Девушка положила болеро и юбку на руки коленопреклоненной статуи, которая, казалось, специально была поставлена здесь, чтобы получать подобные подарки.
– Где твоя комната? – спросила Петра.
Эммануэль засмеялась:
– Я смотрю, ты не теряешь времени на разговоры.
Петра строго оглядела легкое платье своей старшей подруги.
– Ты же не будешь оставаться одетой? – спросила она, будто испытывая отвращение.
– Ты называешь это «одетой»? – развеселилась Эммануэль, наклонив голову, чтобы рассмотреть свое одеяние.
Тончайший линон бледно-голубого цвета, который едва прикрывал ее тело, представлял собой намеренное покушение на целомудрие. Чтобы усугубить желание, портниха (не та, которая подарила ей трусики с голубями, а другая) его укоротила и украсила большими разрезами, словно маргаритками. Эти разрезы были расставлены так свободно, что невольно возникал логичный вопрос: а есть ли у платья еще какое-нибудь предназначение, кроме функции замочной скважины?
Но Петра была не из тех, кто довольствуется полумерами и кто бросает взгляды украдкой.
– Я хочу, чтобы ты была обнаженной, – уточнила она.
– Не сейчас, – объяснила Эммануэль. – Мне нужно уходить.

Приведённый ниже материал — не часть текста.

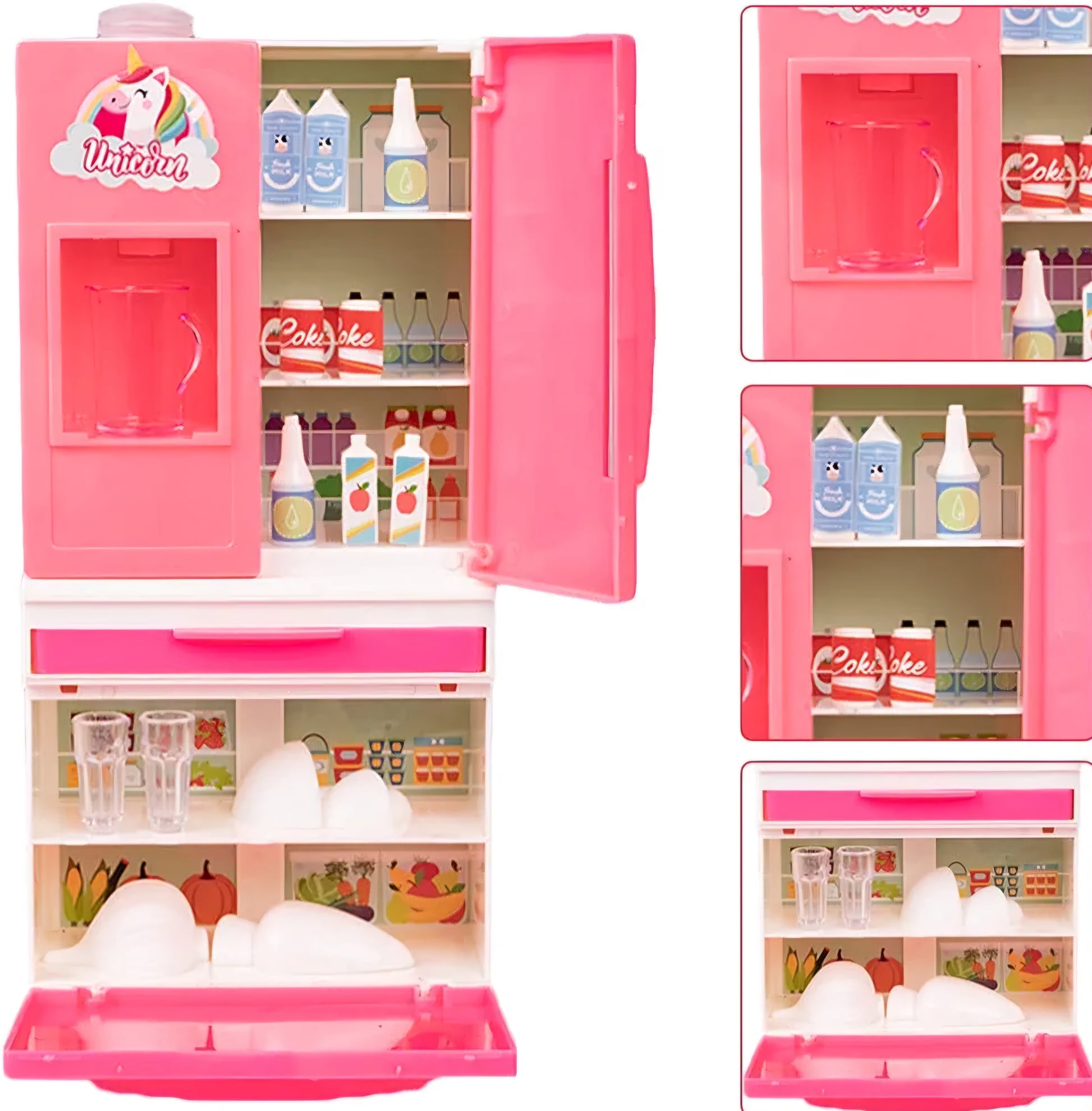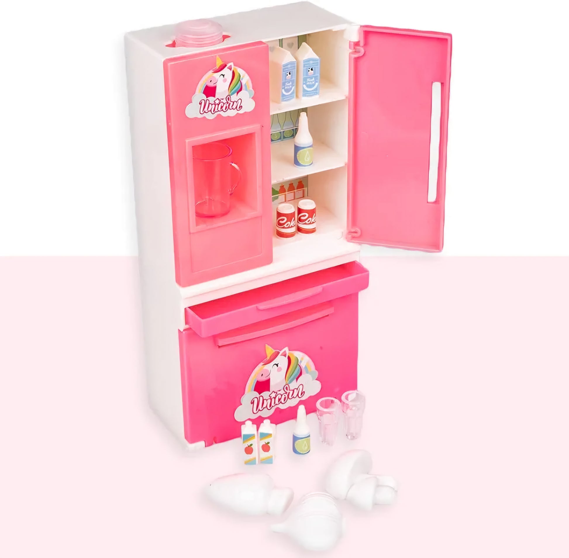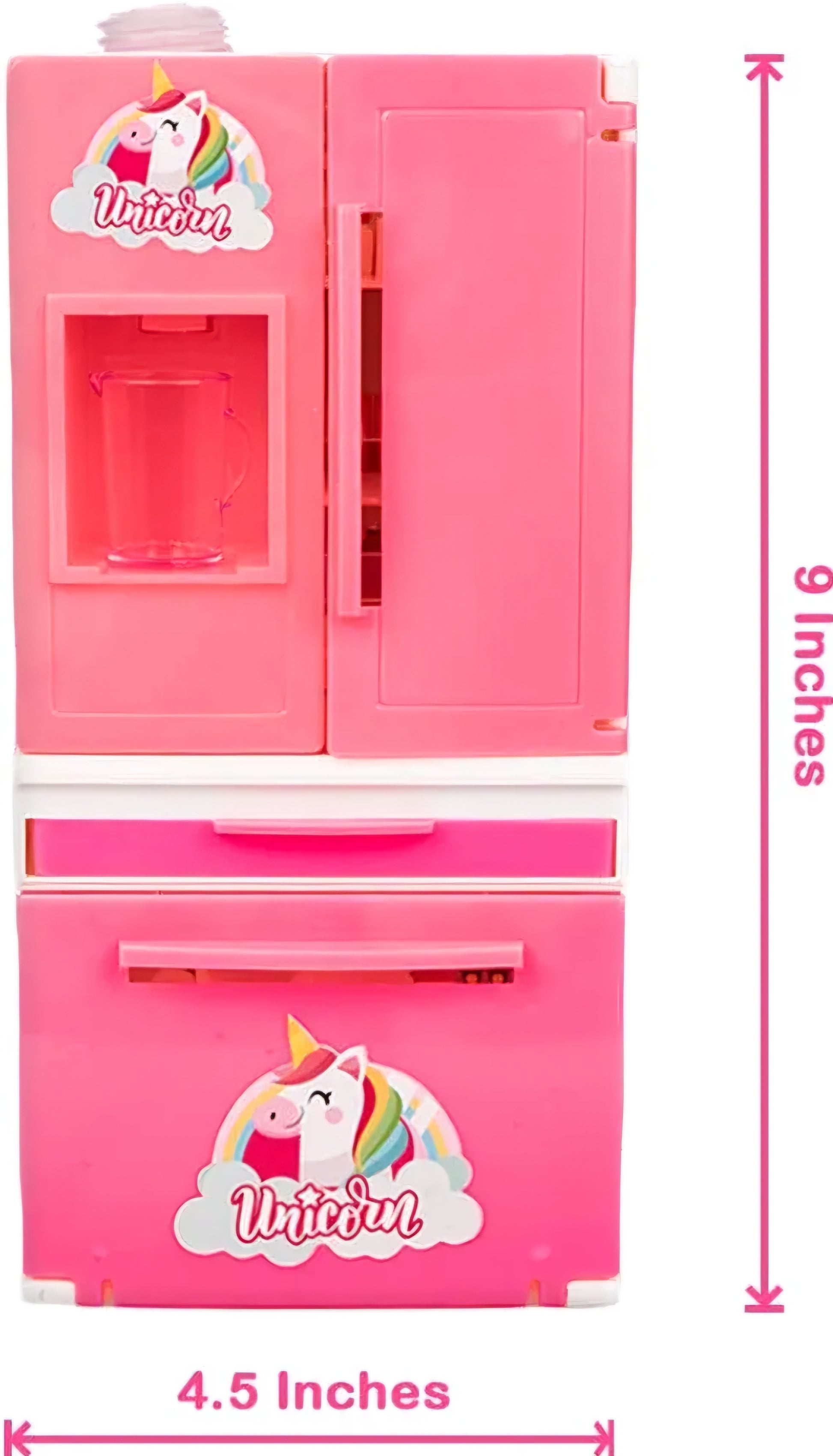 Unicorn Edition Double Door Miniature Role Play Refrigerator with Working Water Dispenser

– О нет! – воскликнула девушка. – А может, я сначала доведу тебя до оргазма?
Она была так расстроена, что на ее глазах появились слезы. Эммануэль смутилась.
– Ты очень красивая!
– Но зачем мне красота? – почти расплакавшись, ответила Петра. – Ведь ты меня не хочешь.

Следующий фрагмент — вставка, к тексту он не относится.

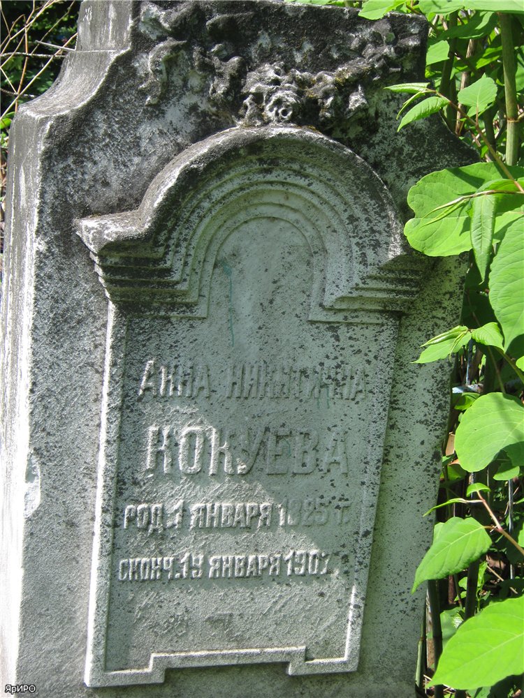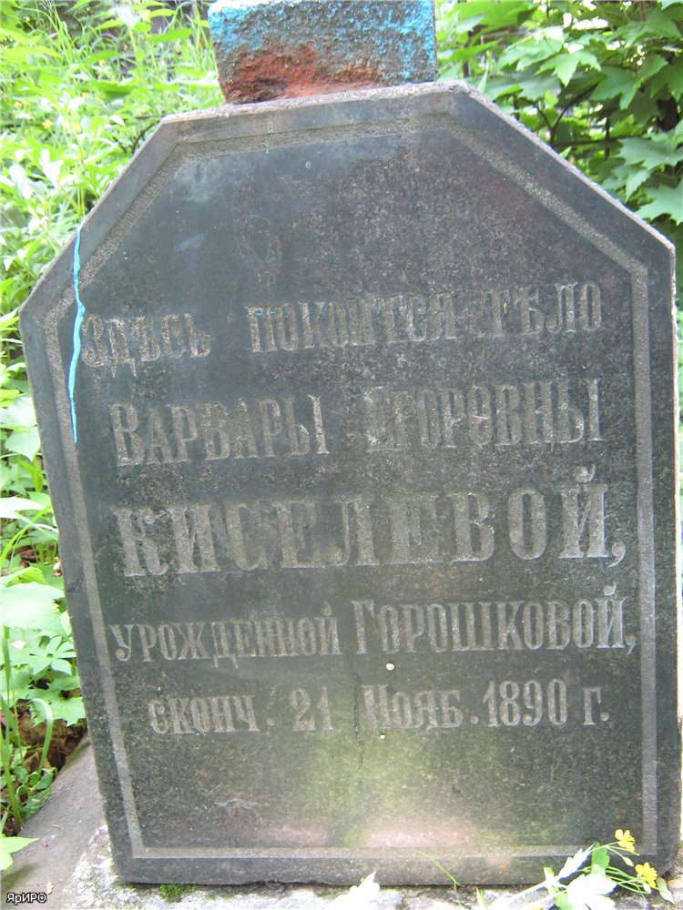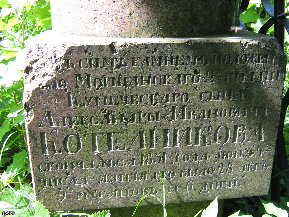 "+ 1855 г. 59 л." (Исторический очерк Ярославского Леонтьевского прихода (1608-1783) и кладбища (1783-1901). Священника Сильвестра Соколова. - Ярославль. 1901. С. 248.)

– Что ты говоришь, птичка моя? Ты уже забыла, какое удовольствие доставила мне позавчера?
– Я все время об этом думаю и хочу сделать это вновь. Каждый день.
Эммануэль притворно выдохнула:
– Не уверена, что выдержу. Я несколько измотана!

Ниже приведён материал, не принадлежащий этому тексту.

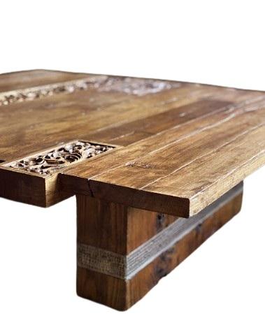 Rahala is derived from recycled wooden railway sleepers in a train station, complemented by copper. An uncountable number of foot travelers have walked through these railway sleepers from all over the world. This shape-shifter piece has been constructed with both functionality and style in mind.

– Я не займу у тебя много времени, – заспорила «птичка».
– И если в довершение всего ты еще и ревнивая, а у меня возникло такое впечатление, тогда действительно мы друг другу не подходим.
Петра энергично закивала головой:
– Ну что ты! Я хочу только одного: обладать тобой. Мне абсолютно безразлично, что ты спишь с другими.
– Ты слишком добра, – поблагодарила Эммануэль, сомневаясь в искренности ее слов.
Потеряв терпение от этих разговоров, Петра без колебаний начала раздевать свою собеседницу. Та сжала ее руки:
– Свет моей луны, я же тебе сказала: не сейчас. У меня встреча. Я не хочу заставлять себя ждать.
– А я прождала тебя четыре часа!
– Это просто неслыханно! Я не люблю заниматься любовью на скорую руку.
– Позволь мне лишь поласкать твою киску! И выпить хотя бы одну каплю твоего сока! – начала умолять ее девушка. – Все говорят, что она у тебя самая неуемная, самая щедрая, самая сочная, самая красивая из всех!
Эммануэль вновь разразилась смехом.
– Все? И кто же эти «все», хотелось бы знать?
– Все – это все, – настаивала Петра.
– Хорошо! – отрезала Эммануэль. – Я прошу прощения, что приходится тебя разочаровывать, любительница моей вагины, но у меня есть идея получше: возвращайся этим вечером, и мы заснем с тобой вместе.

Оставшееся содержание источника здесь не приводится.